MDOT investigating I-94 roadway sinkage at site of Enbridge pipeline in western Washtenaw County
Editor's note: The spelling of interstate has been corrected.
Courtney Sacco | AnnArbor.com
The Michigan Department of Transportation was alerted to the situation about two weeks ago and has been investigating since, said Mark Sweeney, manager of the Brighton post.
The spot of the situation is directly above the site where Enbridge Pipelines Toledo Inc. had most recently completed a directional drilling project underneath both lanes of the highway.
“People were calling and saying there was a dip in the roadway,” Sweeney said. “Once (MDOT) saw the dip, we followed it back through the permits (to Enbridge).”
Enbridge is in the middle of installing a new crude oil pipeline - Line 79 - in northwestern Washtenaw County. The line runs from Stockbridge where it intersects with its source - the cross-country Line 6B - and goes to Freedom Township in Washtenaw County.

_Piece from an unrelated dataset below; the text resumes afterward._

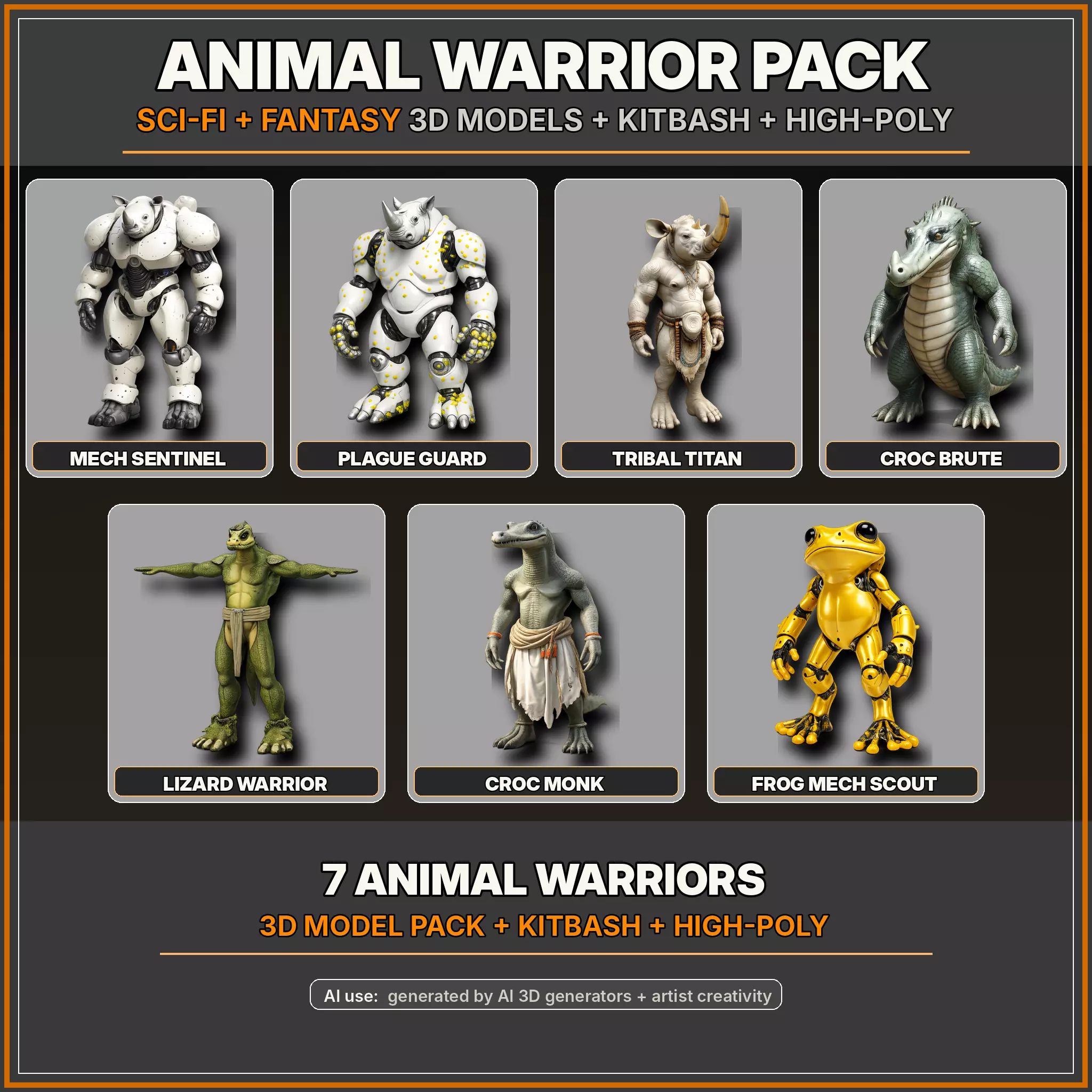 3D Design ConceptThis Animal Warrior Pack features a collection of high-poly anthropomorphic animal characters designed with a mix of sci-fi armor, fantasy warrior style, creature design, and kitbash detailing. The pack includes powerful rhino warriors, crocodile/lizard-style fantasy fighters, and a bright frog mech scout.Each character is designed with strong silhouettes, detailed anatomy, armor panels, creature textures, and stylized proportions, making them suitable for fantasy worlds, sci-fi games, cinematic scenes, collectibles, animation projects, and 3D printing display pieces.The visual style combines high-poly creature sculpture, robotic/mechanical elements, and fantasy tribal details to create a unique customer-ready 3D asset pack.
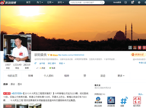 在網(wǎng)絡(luò)上找到歐陽(yáng)后增并不難,只要在搜索頁(yè)面輸入“歐陽(yáng)委員”,便會(huì)出現(xiàn)一系列網(wǎng)頁(yè)鏈接,首先進(jìn)入眼簾的就是新浪微博。進(jìn)入他的新浪微博主頁(yè),記者被他的簡(jiǎn)介所吸引:省政府參事咨詢協(xié)會(huì)宣傳部副部長(zhǎng)、溫州市政協(xié)委員、社情民意信息員、五型機(jī)關(guān)督查員、十佳市民監(jiān)督員、媒體特約評(píng)論員……人稱“提案大王”。身居多職、擁有十幾萬(wàn)粉絲的他,跟記者分享了他對(duì)微博問政的一些看法。

Line 79 is being installed parallel and adjacent to Enbridge's existing Line 17, which serves refineries in Detroit and Toledo.
Directional drilling is a common industry practice to install pipelines or other infrastructure lines that would otherwise interfere with roads, waterways or other sensitive areas. Drilling fluid - typically a viscous mixture of water and a polymer - is used to aid the drill bit’s movement through the ground.

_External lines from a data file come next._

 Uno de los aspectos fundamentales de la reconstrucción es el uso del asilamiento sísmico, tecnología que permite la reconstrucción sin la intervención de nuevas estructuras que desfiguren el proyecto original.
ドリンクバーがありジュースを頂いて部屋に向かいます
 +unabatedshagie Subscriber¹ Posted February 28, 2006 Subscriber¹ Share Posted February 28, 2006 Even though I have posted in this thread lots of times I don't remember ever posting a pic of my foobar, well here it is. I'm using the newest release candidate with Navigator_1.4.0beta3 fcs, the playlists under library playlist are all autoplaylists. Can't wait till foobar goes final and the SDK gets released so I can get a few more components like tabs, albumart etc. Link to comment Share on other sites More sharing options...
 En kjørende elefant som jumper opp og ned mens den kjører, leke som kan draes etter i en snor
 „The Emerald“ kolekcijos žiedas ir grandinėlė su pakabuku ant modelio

MDOT has been in contact with Enbridge as a part of the investigation, Sweeney said.
“We are aware of the situation and have been working with the state to address it and ensure there are no public safety concerns,” said Jason Manshum, Enbridge spokesman in an emailed statement.
MDOT has not yet confirmed the source of the situation and is conducting ongoing tests.

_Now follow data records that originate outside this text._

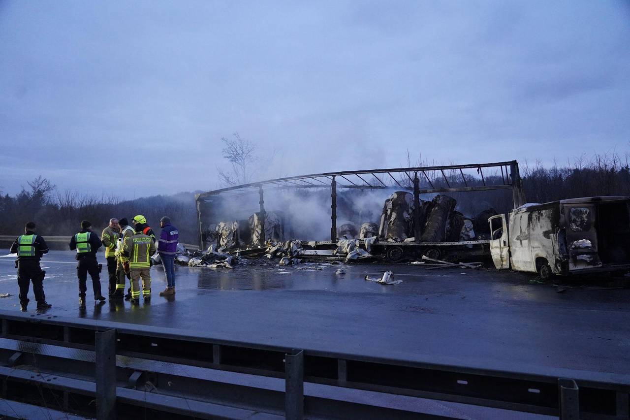 Gegen 1.30 Uhr meldeten mehrere Verkehrsteilnehmer der Polizei Unfälle aufgrund von Straßenglätte. Wie die Polizei weiter berichtete, kam es zu einem Unfall mit einem Lastwagen und einem mit Papier beladenen Sattelaufleger. Der Sattelaufleger brannte. Der Fahrer des Lastwagens konnte den Angaben zufolge nicht mehr aus dem Führerhaus geborgen werden und starb an der Unfallstelle. Der Fahrer des Sattelzugs kam ins Krankenhaus.
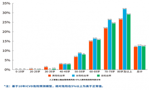 針對心腦血管疾病風(fēng)險>5%的評估中,檢出率為12.3%;其中男性占比37.3%,女性占比62.7%。
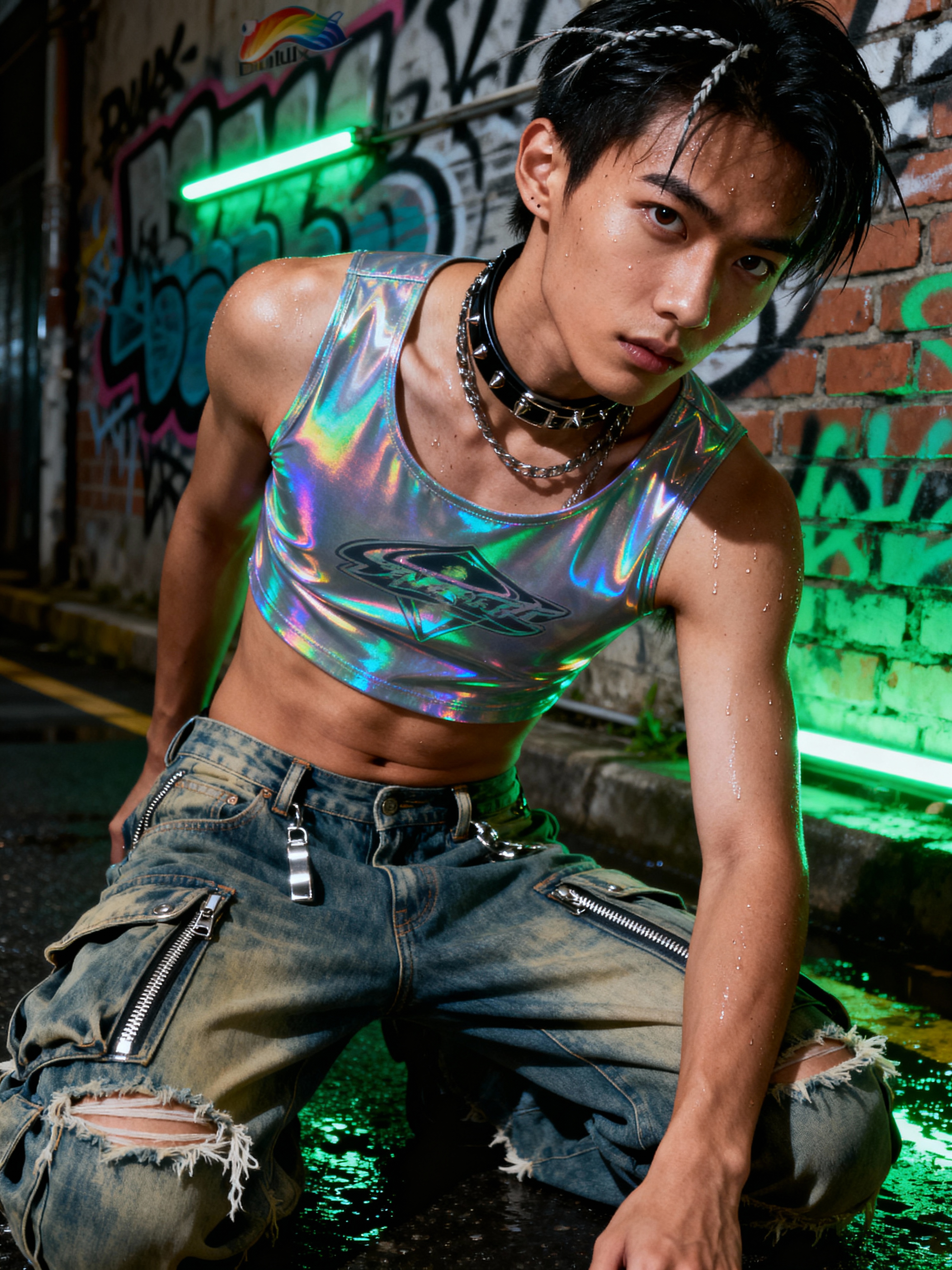 model wearing Y2K aesthetic, 2000s fashion, aughts style, noughties style, grunge or 2000s style, oversized washed out style, baggy pants, low rise pants or cargo pants, crop top, Choker, metallic glossy, iridescent fabrics, posing for photo

“We don’t believe it was there before (Enbridge) did the drilling,” Sweeney said. “It’s something that’s out of the ordinary.”
Roadwork was last completed on that section of I-94 in 2010, when MDOT contracted for a mill and overlay project of about 5.5 miles of highway between Freer and Parker roads.
“There would not be settling from that project because it was only dealing with the surface of the roadway,” Sweeney said. “It would be surprising if anything that happened in 2010 would be affected there.”
Driving west at a speed of 70 mph, the dip is about 30 seconds past mile marker 164 just past a set of transmission towers that cross I-94 overhead.
“If you were standing on the shoulder - you could see a small bounce in the traffic,” Sweeney said.
That portion of I-94 is smooth and has few cracks or bumps. In the westbound lanes of I-94 between Parker and Freer roads, it’s the most noticeable disturbance in the road.
Driving over the sinkage in the freeway, feeling the car travel through the dip in the road only lasts for a few seconds. The eastbound lanes are not affected at this time.
“From an MDOT perspective, we don’t care how big or small it is,” Sweeney said. “We have to do some testing.”